To reveal the heredity pattern of T1 seedlings, Chi square (χ2) test was carried out using SAS program (SAS Institute v. 9.2). Only the lines with more than 5 progenies were selected. The segregation ratios were calculated as positive progenies divided by negative progenies with greatest P value to test the goodness of fits of 3:1 (single functional loci), 15:1 (two standalone loci) and 1:1 (abnormal heredity pattern). The segregation ratios did not match with the above-mentioned ratios were designated as other heredity pattern. For seed mottling assay, twenty transgenic plants and fifteen non-transgenic plants were harvested separately and the mottling seeds of each plants were monitored to generate the average seed coat mottling rate. T test was used and p < 0.01 was significant differences.
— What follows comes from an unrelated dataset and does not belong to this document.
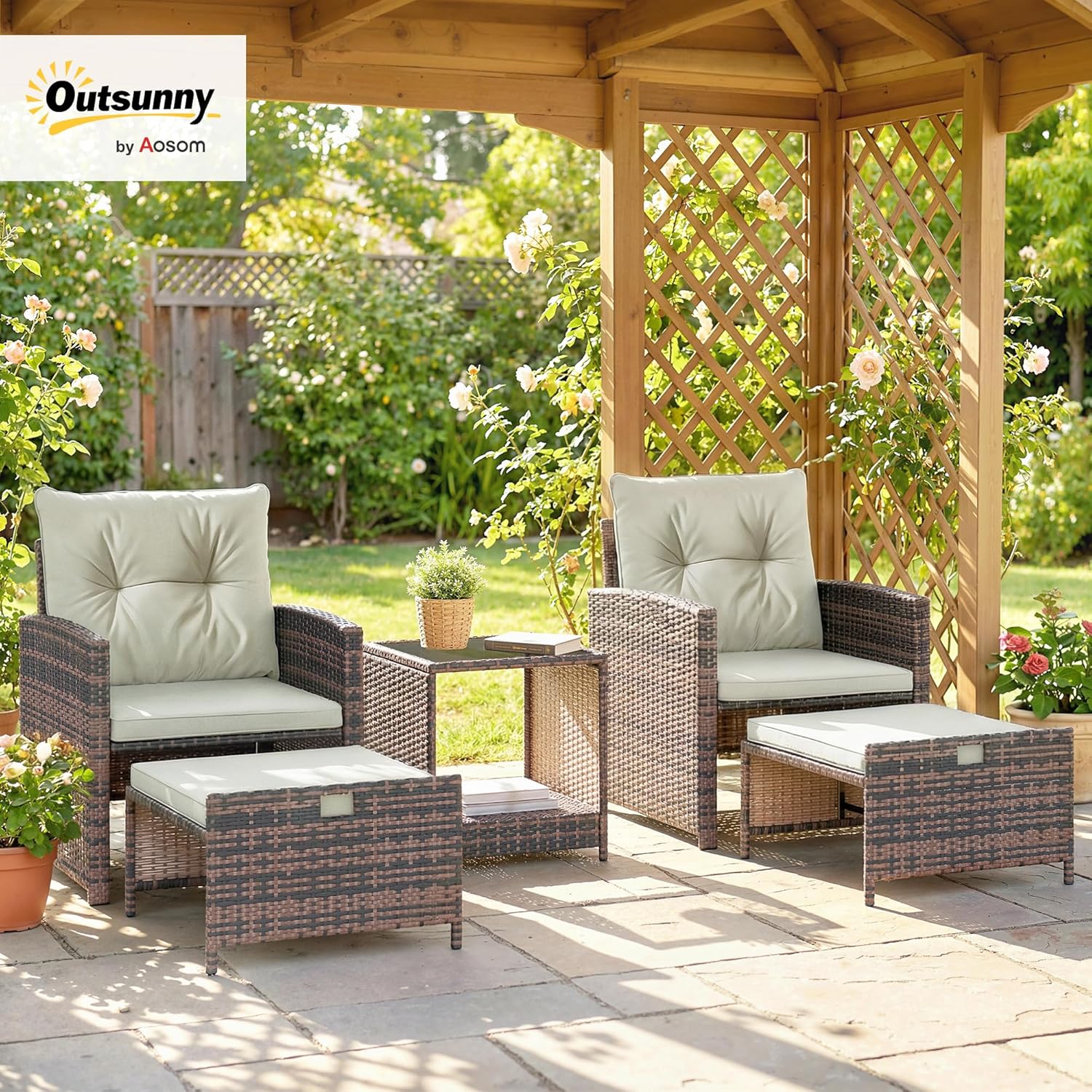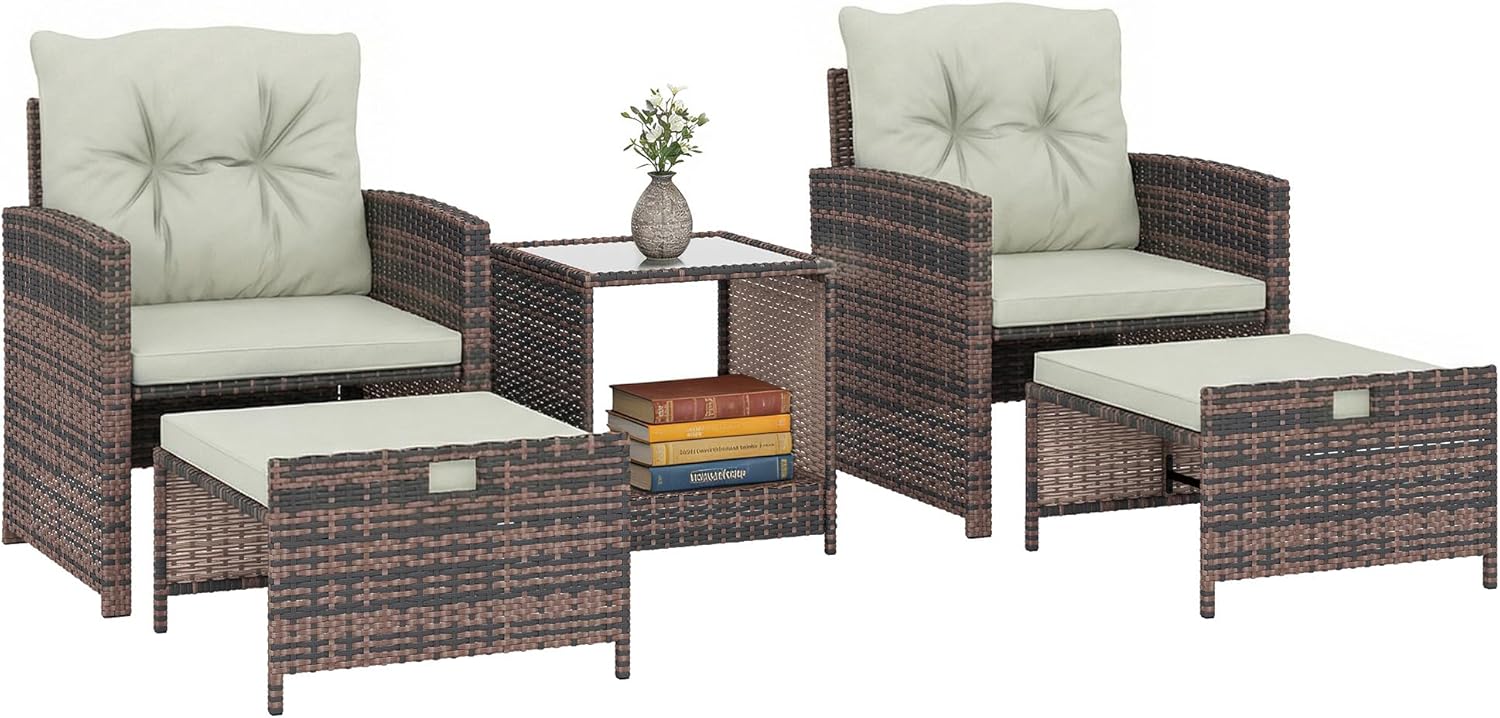 Outsunny Rattan Gartenmöbel Set 5-teiliges Balkonmöbel Set mit 2 Stühle Kissen Hocker Tisch Staufach, Gartenlounge Terrassenmöbel Gartengarnitur Sitzgruppe für Garten, Balkon, Terrasse Cremeweiß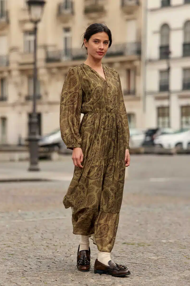 Robe longue Ryma pour femme – Coupe évasée et imprimé cachemire élégant

Screening of T0 positive transgenic soybean seedlings
The steps of soybean transformation were displayed in Fig. 1. The buds of germinated seeds were cut out and used for transformation (Fig. 1a, b). The cotyledons were laid on co-cultivation medium (CCM) with filter paper (Fig. 1c) and incubated for 5 d in dark. Then, the explants were moved to shoot induction medium (SIM) including 5 mg/L phosphinothricin (PPT) and clustered shoots could be observed around 4 weeks after transplanting (Fig. 1d). The clustered shoots were resected and the explants were moved onto shoot elongation medium (SEM), which were sub-cultured every 2 weeks (Fig. 1e). The shoots which elongated more than 4 cm were clipped and inserted into rooting medium (RM). Roots were monitored after 10 days of elongation (Fig. 1f). Then, the seedlings were grafted to nutrient soil and used for positive seedling detection (Fig. 1g).
The results of transformation and positive seedling screening were described in Table 1, and a total of 33 positive T0 transgenic seedlings were obtained. The PCR products were detected by Agarose Gel Electrophoresis. The samples that could be amplified by three pairs of primers were considered as positive seedlings, indicating successful integration of the vector into the soybean genome (Fig. 2b). In leaf-painting assay, 200 mg/L PPT was applied on half of the leaf (with mark line). The positive leaves displayed no difference with the other half, however wilting appeared on the leaves of non-transgenic negative control and false positive seedlings (Fig. 2a). The result of LibertyLink® strip assay showed that both control line and positive line were observed on the strips of positive sample (Fig. 2c), indicating bar resistant gene was expressed.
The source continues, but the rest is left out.